The soft planting is pretty and voluptuous, lending an inviting warmth to the house. In all seasons, there is always something interesting to see, whilst beguiling scents add an extra dimension.
The front: sweeping curves.
We picked up the curve of the existing beds and added a structured edge of bushes and shrubs - architectural and colourful. Their warm colours look beautiful all year around and they are straightforward to maintain.
The front: in summer.
Flowers prettily frame the house in ever-evolving patterns as the year progresses.
The front: a beautiful, well-dressed house.
In the summer sunshine, flowers tumble softly and the light picks out fetching shapes in the shrubbery.
The front: timeless charm.
The house and garden already look like they have been nestled together “for ever”.
The terrace: design agreed, construction underway.
The old terrace at the rear was a large space, but it was flat and uninteresting, exposed to the weather and an uninviting place to sit and dine.

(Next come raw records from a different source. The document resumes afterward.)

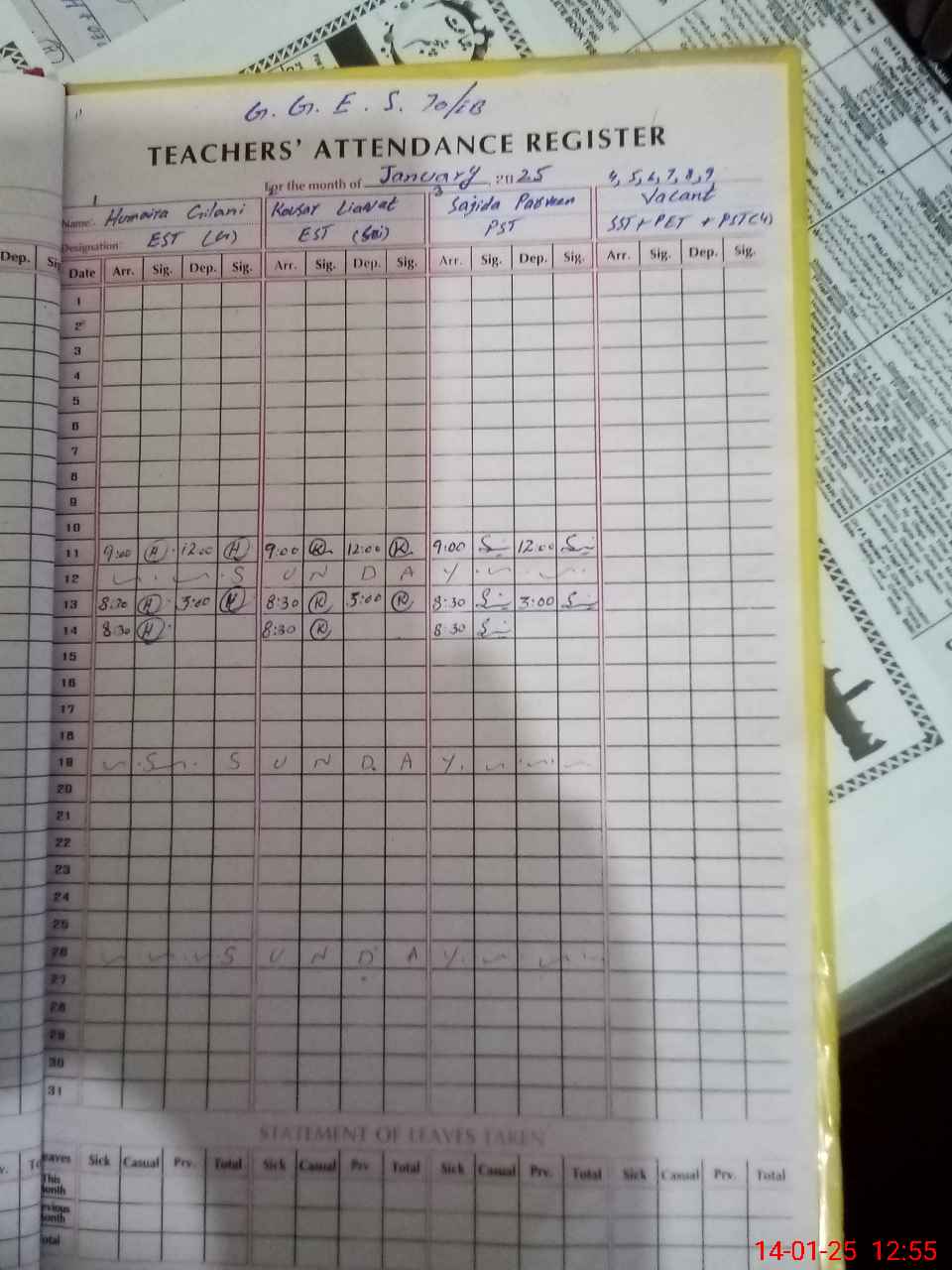 | Name: HU**** GI**** Designation: (School Headmaster's/Headmistress's) EST G Phone/Cell Number: 03**** |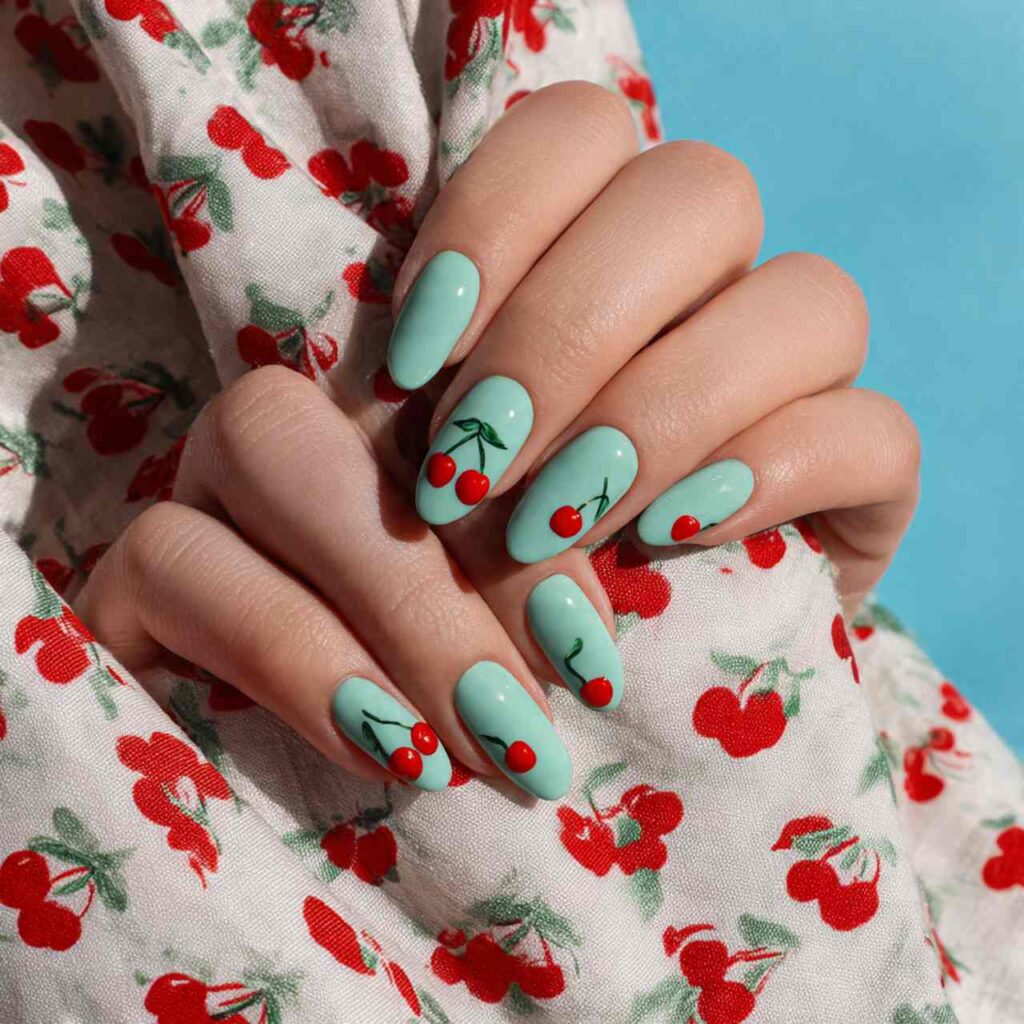 Fresh mint green base featuring playful hand-drawn cherry illustrations creates retro-inspired cuteness. The fruit motif adds personality while the soft green keeps it wearable and fresh.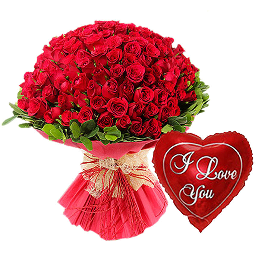 Bouquet Of 100 Roses With I Love You Balloon For Valentines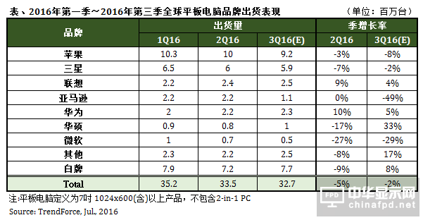 TrendForce最新平板電腦出貨報(bào)告顯示,2016年第二季全球平板電腦出貨3354萬臺,季衰退4.8%,與去年同期相比則衰退8.8%。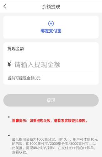 100集分宝就等于1元钱,可以提取到支付宝当支付宝的余额花,不过不是现金,现金余额需要10元提现。需要绑定支付宝才可以提现,通过输入姓名、支付宝账号验证手机号,才可以完成绑定并且提现。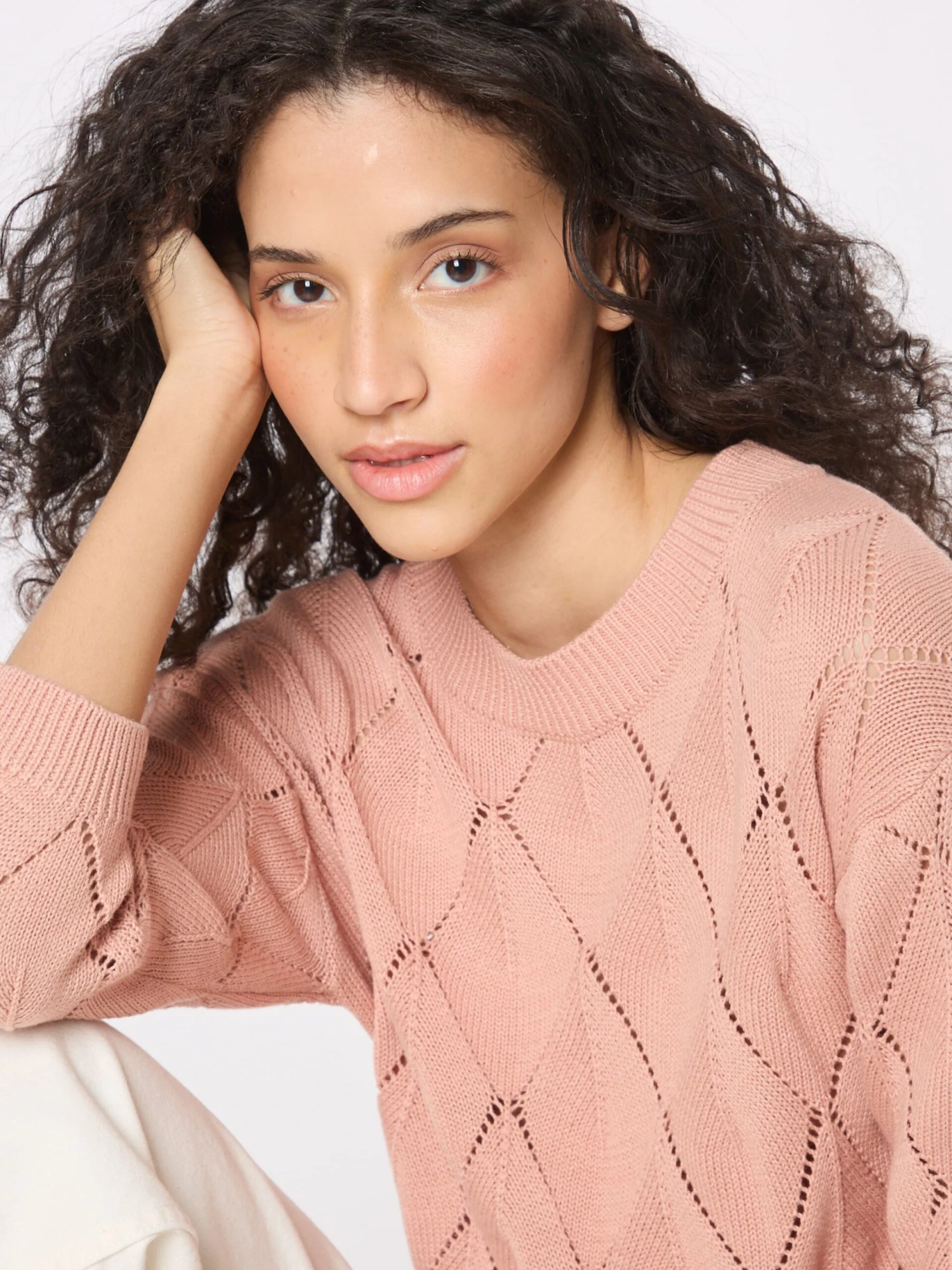 EffenKatoenRonde halsMeshGeribbelde kraagRechte zoomGeribd ceintuurtjeOvercut schouderFully fashionedVoelt zacht aan

Our task was to make this key area comfortable and intimate, whilst enhancing its usefulness and making the most of the fantastic views of the lake in the grounds and of the South Downs beyond. The photograph shows the setting-out markings on the lawn for the new ponds, terracing and plant beds.
The terrace: hard landscaping completed, just planted.
Our clients wanted a lush, almost tropical feel, which we achieved by careful planting. This also allowed us to sub-divide the large, paved area to create the necessary sense of intimacy.
The terrace: lush yet intimate.
We placed raised beds around the formal ponds, designed to hold carefully chosen trees, combined with under-planting. The end result provides height without obscuring the views, and adds colour and softness to complement the formal angularity of the stone and brick.
The terrace: expansive and exotic.
The plants have grown and filled their squares at the corners of the pool, spreading over the hard edges, flowing gently. They wrap elegantly around the terrace, giving tantalising glimpses of the magnificent view beyond.
The terrace: ornamental pond.
The raised pond was designed with stepping stones along its middle. The Indian sandstone slabs are continued along the pond’s perimeter to make informal seating, creating sociable areas around the terrace. The water reflects the house’s beautiful flint walls.
The terrace: architectural planting.
The shrubs planted around the raised pond harmonise with the colours of the slabs and the timber furniture. The raised pond lip also serves as informal seating. Overall, this is a wonderful terrace for relaxing and socialising.
The terrace: sandstone roundel.
The almost rustic slab work shows off the beauty of the sandstone and contributes to the sense of intimacy of the terrace.
The terrace: architectural planting.
Shapely, colourful plants make a dramatic foil to the sandstone, flint and brick.
The garage: a softer feel.
The large bulk of the enormous garage block needed softening, so we designed trellis to sit at the sides, dropping away in graceful curves. We planted vigorous climbers, such as Wisteria, Akebia, and Solanum jasminoides, that would grow quickly on the south-facing surface. They now bask in the sunshine, minimising the visual impact of the huge expanse of roof.
The north apron: before.
Exceptionally poor, dry soil under mature conifers made this area very difficult. No plant species could tolerate this environment. However, it is overlooked by the house’s main guest suites so it is an important view. We proposed a novel solution.
The north apron: just planted.
We built a raised trellis, covering the entire area and lying at just the right angle to present the plants to daylight and to maximise their appeal to the eye. Underneath the structure, we laid a membrane completely to exclude weeds on the sloping ground beneath. We planted vigorous evergreen climbers, capable of generously filling the space, in combination with scented and abundant roses in deep pockets of improved soil right at the base of the wall. Along the edge of the plot we laid a simple, low-cost irrigation system, designed to deliver water exactly where the plants needed it, to aid their establishment, whilst minimising waste. This was operated by the gardener, so that, say, while he mowed the lawns, the young plants were watered thoroughly. Now they are established, this regime is no longer necessary.